View information for the Department of Sociology and Gerontology , including Learning Objectives for the department and its programs.
Sociology is the scientific study of human social interaction and institutions. From its origin in nineteenth-century industrializing Europe, sociology developed as a methodologically rigorous, empirically based analysis of social structure.
The study of Sociology provides students with a rewarding academic experience as well as a variety of career possibilities. Recent graduates of the department have applied their training to enter prestigious graduate schools or to obtain entry-level management and administrative positions with such varied organizations as large and small businesses; criminal justice agencies; child welfare organizations; local welfare and mental health departments, the criminal courts, and social service agencies.
The pivotal sociological concept, social structure, rests on the observation that something exists in society more than simply the sum of individuals. As humans interact, they create social structure - a real “thing,” not directly visible but nevertheless observable in its consequences. The concept of social structure denotes interaction networks, social organization, and power relationships. Social structure is essential to understanding human life inasmuch as it shapes humans’ options, actual choices and resultant biographies.

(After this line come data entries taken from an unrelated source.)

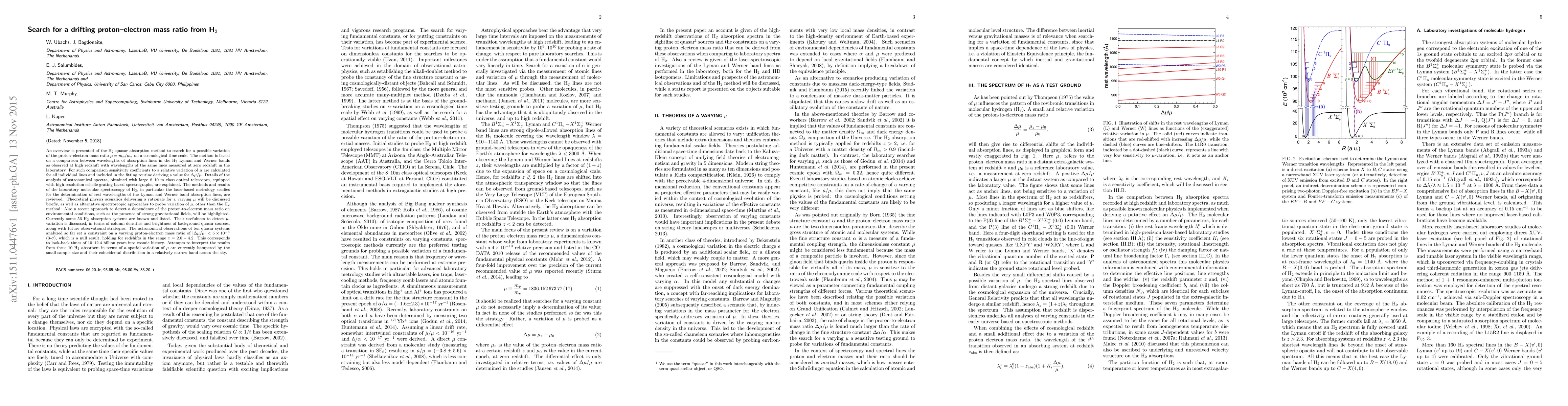 Astronomers searched for variations in the proton-electron mass ratio using H2 quasar absorption spectra, finding no evidence of a variation with a constraint of $| Delmu/ u| < 5 imes 10^{-6}$ over look-back times of 10-12.4 billion years.
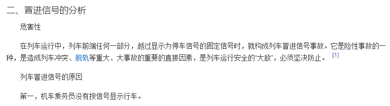 “冒进信号”是用在铁路交通上的词语,指的是前方是红灯,但列车却进去了,这种情况下可能发生列车碰撞事故。
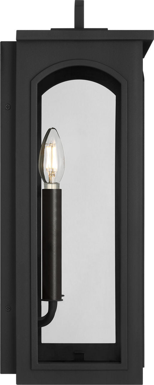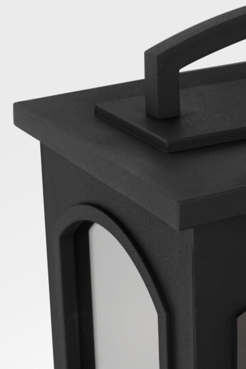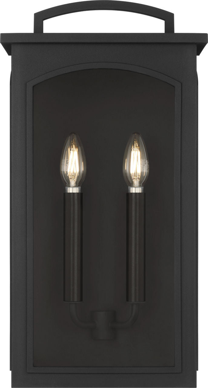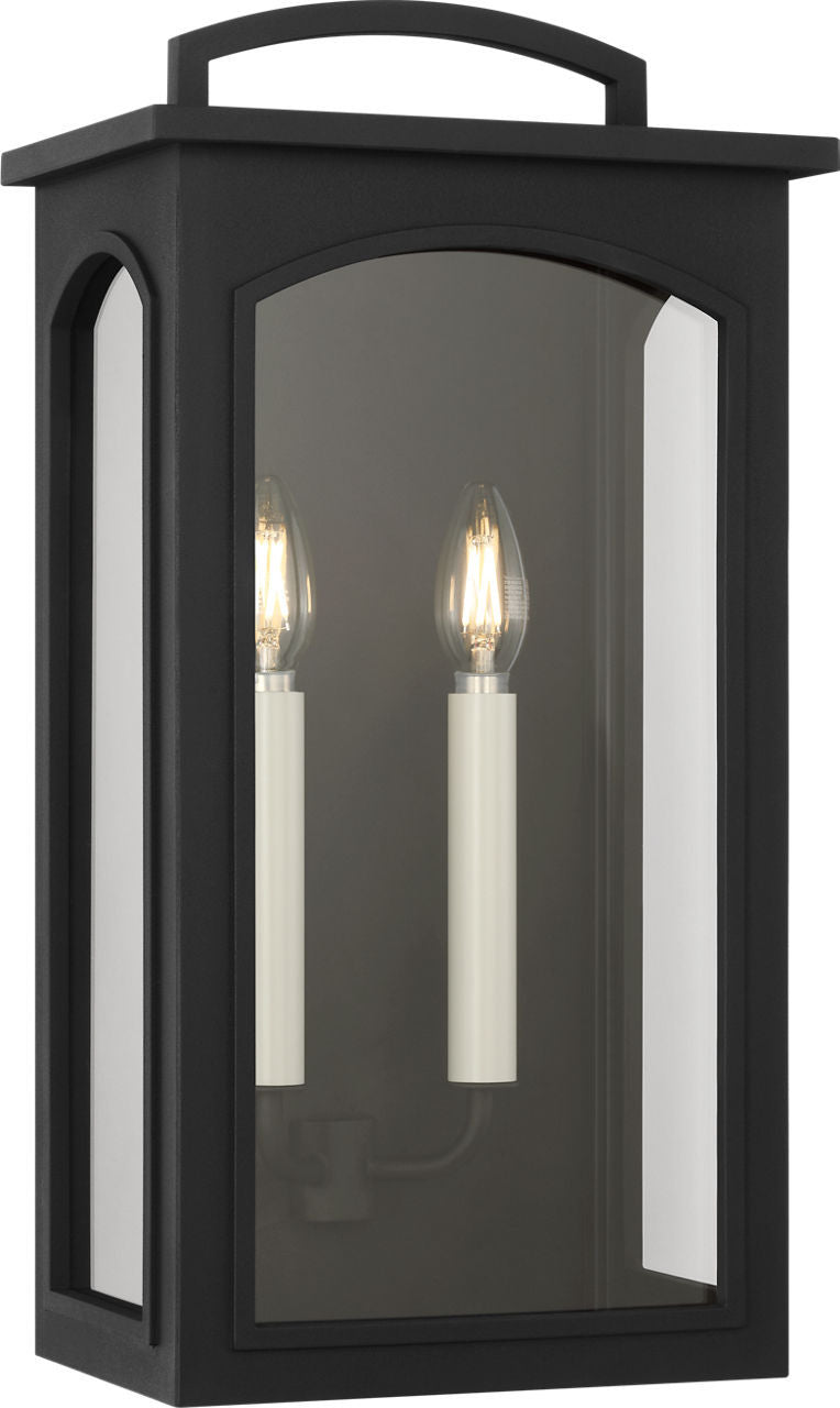 The Modesto 19" Wall Lantern by Chapman & Myers brings architectural elegance to outdoor spaces with its barrel-vault-inspired design. The rectangular frame features arched openings and a coordinating arched handle detail, echoing the graceful curves of classic ceiling architecture. Crafted from StoneStrong—a material engineered to endure wet and coastal environments—the fixture is finished with cream-colored candle covers that add warmth and timeless appeal. At 19", this lantern is ideal for entryways, patios, and garage exteriors, where its sculptural form and durable construction offer lasting sophistication.
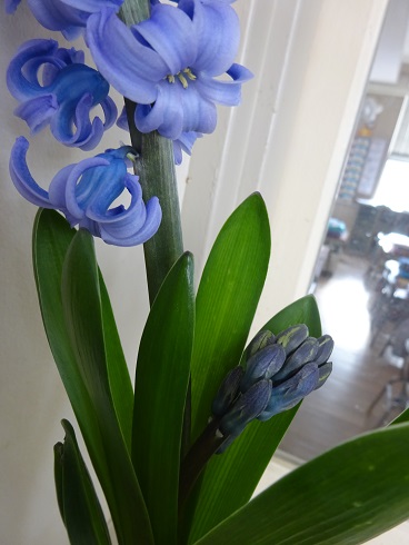 1年生の きょうしつの ヒアシンスがさきました。とても いいかおりが しています。ちかづいて 見てみると なんと!もう1本 くきが のびて つぼみが ついています。こんな ヒアシンスは はじめて 見ました。
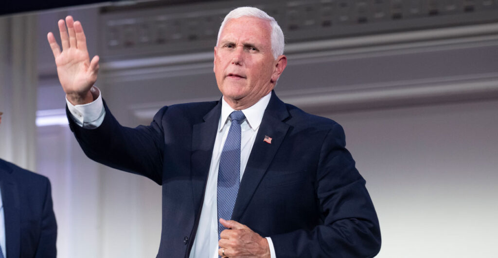 While assailing the “failures” of the “Biden-Harris administration”—and questioning Vice President Kamala Harris’ fitness to be president—Pence also expressed concern over growing Republican skepticism of U.S. military intervention abroad, the Republican National Committee’s newly moderate position on abortion, and other issues.
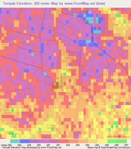 Tentyak,Uzbekistan Elevation Map is displayed at different zoom levels.
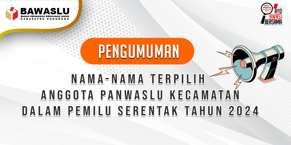 Pengumuman Nama-Nama Terpilih Anggota Panwaslu Kecamatan Dalam Pemilu Serentak Tahun 2024
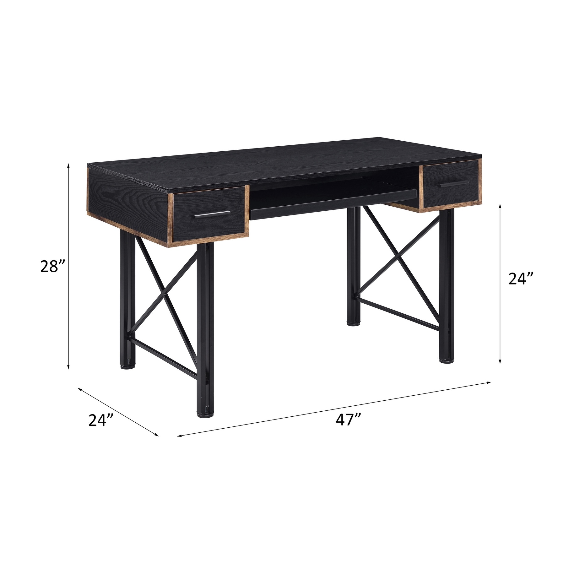 Modern 48" Computer Desk with 2 Side Storage Drawers and Metal Legs
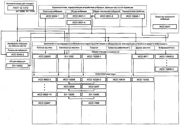 Дата введения - 2008-07-01 1 Область примененияНастоящий стандарт устанавливает общие требования к обеспечению вибрационной безопасности на производстве, транспорте, в строительстве, горных и других работах, связанных с неблагоприятным воздействием вибрации на человека. Настоящий стандарт устанавливает также структуру комплекса стандартов в области вибрационной безопасности и требования к этим стандартам. Настоящий стандарт распространяется на различные аспекты профессиональной деятельности, когда вибрация оказывает непосредственное неблагоприятное воздействие на человека в результате его прямого контакта с вибрирующей поверхностью машины, через объекты обработки (например, обрабатываемое изделие) или через объекты, имеющие с источником вибрации механическую связь и (или) связь других видов. Настоящий стандарт распространяется на вибрацию всех видов: периодическую, случайную, переходные процессы. Стандарт не распространяется на воздействие кратковременной вибрации в виде ударов и переходных процессов большой мощности, имеющих место в результате аварий и поломок машин, транспортных средств, механизированного инструмента и оборудования (далее - машины), которые могут повлечь за собой получение травм. 2 Нормативные ссылкиВ настоящем стандарте использованы нормативные ссылки на следующие межгосударственные стандарты: ГОСТ ИСО 8041-2006 Вибрация. Воздействие вибрации на человека. Средства измерений (ИСО 8041:2005, IDT) ГОСТ ИСО 10326-1-2002 Вибрация. Оценка вибрации сидений транспортных средств по результатам лабораторных испытаний. Часть 1. Общие требования (ИСО 10326-1:1992, IDT) ГОСТ 16519-2006 Вибрация. Определение параметров вибрационной характеристики ручных машин и машин с ручным управлением. Общие требования (ИСО 20643:2005, MOD) ГОСТ 24346-80 (ИСО 20643:2005) Вибрация. Термины и определения (ИСО 2041:1990, NEQ) ГОСТ 30873.2-2006 (ИСО 8662-2:1992) Ручные машины. Измерения вибрации на рукоятке. Часть 2. Молотки рубильные и клепальные (ИСО 8662-2:1992, MOD) ГОСТ 31191.1-2004 (ИСО 2631-1:1997) Вибрация и удар. Измерение общей вибрации и оценка ее воздействия на человека. Часть 1. Общие требования (ИСО 2631-1:1997, MOD) ГОСТ 31191.2-2004 (ИСО 2631-2:2003) Вибрация и удар. Измерение общей вибрации и оценка ее воздействия на человека. Часть 2. Вибрация внутри зданий (ИСО 2631-2:2003, MOD) ГОСТ 31191.4-2006 (ИСО 2631-4:2001) Вибрация и удар. Измерение общей вибрации и оценка ее воздействия на человека. Часть 4. Руководство по оценке влияния вибрации на комфорт пассажиров и бригады рельсового транспортного средства (ИСО 2631-4:2001, MOD) ГОСТ 31192.1-2004 (ИСО 5349-1:2004) Вибрация. Измерение локальной вибрации и оценка ее воздействия на человека. Часть 1. Общие требования (ИСО 5349-1:2001, MOD) ГОСТ 31192.2-2005 (ИСО 5349-2:2001) Вибрация. Измерение локальной вибрации и оценка ее воздействия на человека. Часть 2. Требования к проведению измерений на рабочих местах (ИСО 5349-2:2001, MOD) ГОСТ 31193-2004 (ЕН 1032:2003) Вибрация. Определение параметров вибрационной характеристики самоходных машин. Общие требования (ЕН 1032:2003, MOD) ГОСТ 31194.1-2004 (ИСО 13090-1:1998) Вибрация и удар. Меры безопасности при проведении испытаний с участием людей. Общие требования (ИСО 13090-1:1998, MOD) ГОСТ 31319-2006 (ЕН 14253:2003) Вибрация. Измерение общей вибрации и оценка ее воздействия на человека. Требования к проведению измерений на рабочих местах (ЕН 14253:2003, MOD) Примечание - При пользовании настоящим стандартом целесообразно проверить действие 
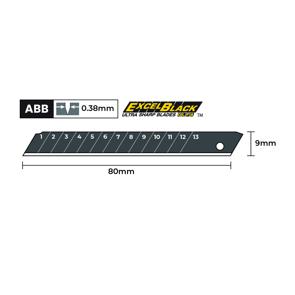 OLFA 9mm ABB Ultra-Sharp Black Snap Off Blade - 10 Pack
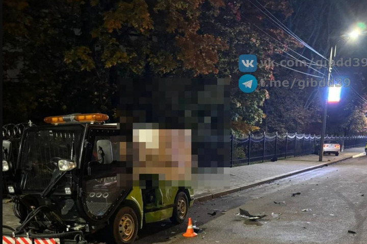 Её автомобиль врезался в машину коммунальщиков, которая убирала улицу. Фото: пресс-служба УГИБДД Калининградской области.
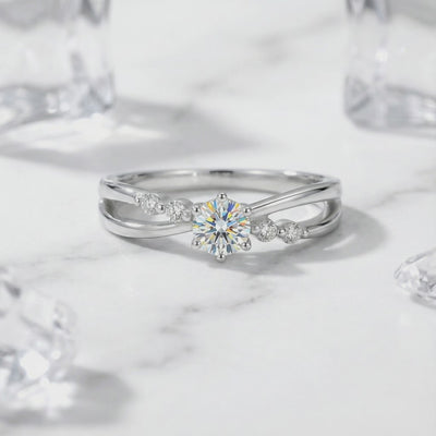 Angled close-up of the Iseltra S925 sterling silver bypass ring showing the round-cut simulated diamond.
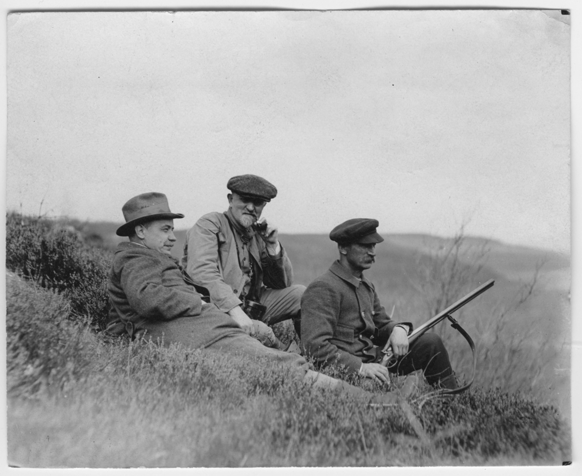 'Orrspel. Sörberget, där leken pågick. 3 män sittandes på ljungbevuxen mark, däribland Dr R. Söderberg och Leonard Axel Jägerskiöld (i mitten). Iklädda gevär, kikare och keps. :: :: Se även fotonr. 687-691.'
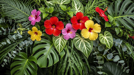 A close-up arrangement of vibrant tropical flowers, including red, yellow, and pink hibiscus, interspersed with lush green leaves and foliage. The diverse textures and shapes of the plants create a rich, natural pattern. The overall impression is one of exotic beauty and abundant plant life.
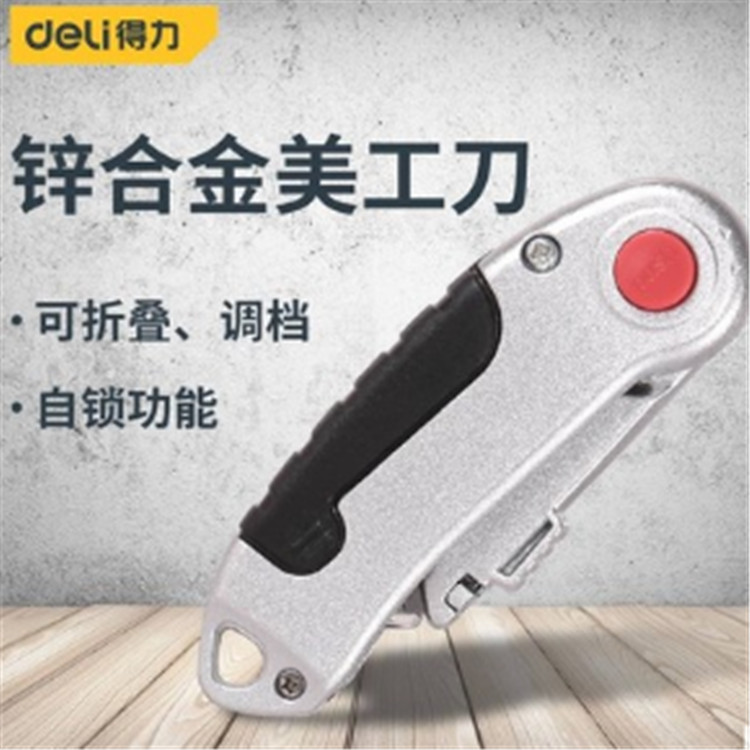 得力鋅合金美工刀自鎖功能,伸縮自如,使用方便。
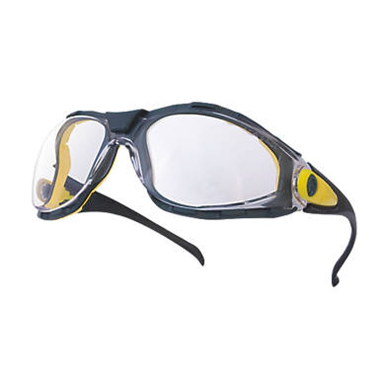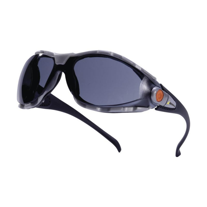 Clear & Smoke polycarbonate single-lens spectacles. Integrated nosepiece. Tilting nylon arms. Side protections. Removable foam for shock and dust protection. Anti-mist.Anti-scratch.
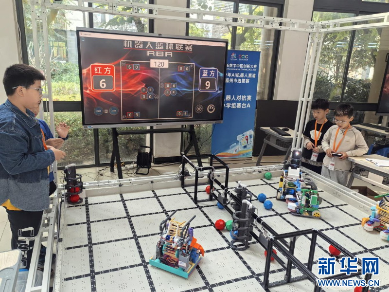 “3、2、1,开始!”机器人对抗赛现场,红蓝双方选手通过自主编程与人机协同,操控机器人完成投篮、攻防转换等动作。
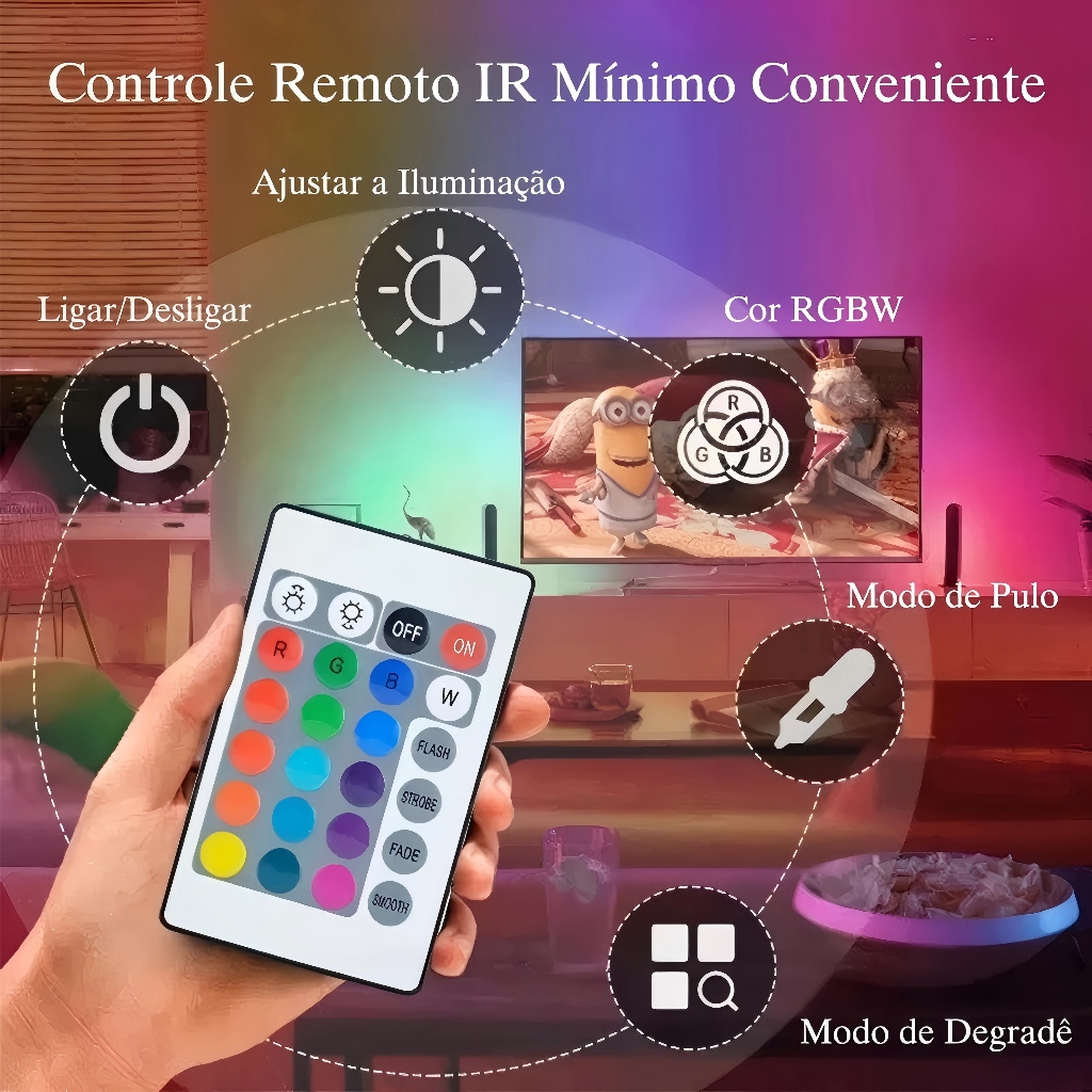 💡 Fita LED RGB 8W 12V – Colorida e Atmosfera Única ✨ Principais Benefícios * 🌈 **RGB Colorido** – Crie ambientes dinâmicos e personalizados com cores vibrantes. * 🔥 **Potência 8W por rolo (3W/m real)** – Luz uniforme e eficiente, perfeita para decoração e iluminação de destaque. * 🛠️ **Fácil Instalação** – Fita de 5 metros com duas pontas de saída, base branca e adesivo azul para fixação rápida. * 💡 **LEDs de Grande Chip** – 54 LEDs por rolo, proporcionando iluminação intensa e duradoura. * 📏 **Placa de Circuito de Alta Qualidade** – Cobre grosso de 18μ, garantindo durabilidade e melhor condução elétrica. * 🏠 **Uso Versátil** – Ideal para ambientes internos e externos (IP20), criando uma atmosfera envolvente. * 🎮 **Controle Total** – Incluso controlador e controle remoto com , permitindo escolher cores, efeitos e intensidade de luz. --- 📐 Especificações Técnicas * Potência: **8W por rolo (3W/m real)** * LEDs: **54 pcs – grande chip RGB** * Comprimento: **5 metros por rolo** * Largura: **8mm** * Voltagem: **12V DC** * Placa de circuito: **Cobre 18μ** * Proteção: **IP20 – uso interno/externo protegido** * Conexão: **Duas pontas de saída, base branca, adesivo azul** * Acessórios inclusos: **Controlador + Controle remoto com bateria grande** --- 🏠 Indicado Para ✅ Criação de ambientes coloridos e decorativos em quartos, salas e escritórios ✅ Iluminação de móveis, prateleiras, painéis e vitrines ✅ Festas, eventos e decoração temática ✅ Ambientes internos e externos que exigem iluminação com efeito RGB e atmosfera envolvente --- 💯 Garantia & Suporte * 🚚 Entrega rápida e segura em todo o Brasil * 🔧 Produto testado com controle rigoroso de qualidade * 🛡️ Garantia contra defeitos de fabricação --- 👉 **Fita LED RGB 8W 12V – transforme qualquer ambiente com cores vibrantes, iluminação eficiente e atmosfera única, perfeita para decoração e festas!** """
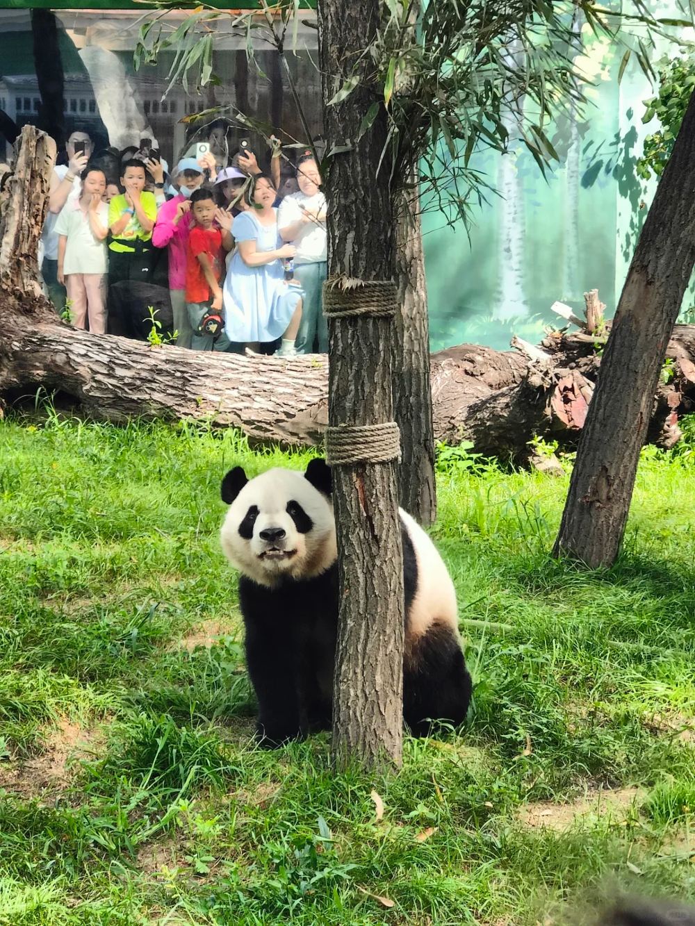 ▲ 这只躲在树后的大熊猫,是太阳岛的 “芝士” 或 “芝麻” 双胞胎~它们待的场地就在 88 种花卉铺成的花园里,连室内都模拟了熊猫老家的环境,来这儿能看到熊猫自然的萌态,随便拍都是治愈感满满的照片!
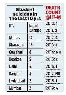 இதில், ஐஐடி-மெட்ராஸில் 14 தற்கொலைகள் அரங்கேறி, முதல் இடத்தில் உள்ளது. நடப்பு ஆண்டில் மட்டும் மெட்ராஸ் ஐஐடியில் நான்கு மரணங்கள் நிகழ்ந்துள்ளன பாத்திமா லத்தீப்பின் தற்கொலை உள்பட. தனது தற்கொலைக்கு பேராசிரியர்கள் மூவர் தான் காரணம் என்று பாத்திமா தனது மொபைல் நோட்டில் குறிப்பிட்டுள்ளார். அதனடிப்படையில் காவல்துறை விசாரணை மேற்கொண்டு வருகிறது.

What often appear to, and are taken for granted by, the non-sociological eye simply as personal troubles are in fact the result of social structural tensions. From the sociological perspective, effecting change necessarily involves understanding social structure.
Sociology majors receive a strong grounding in traditional and contemporary social theory, methods of conducting social research, and techniques of analyzing social data. Students can select elective courses from areas including social institutions such as the family, religion, and medicine, and social processes such as social change, social deviance, personality and society, and drug use.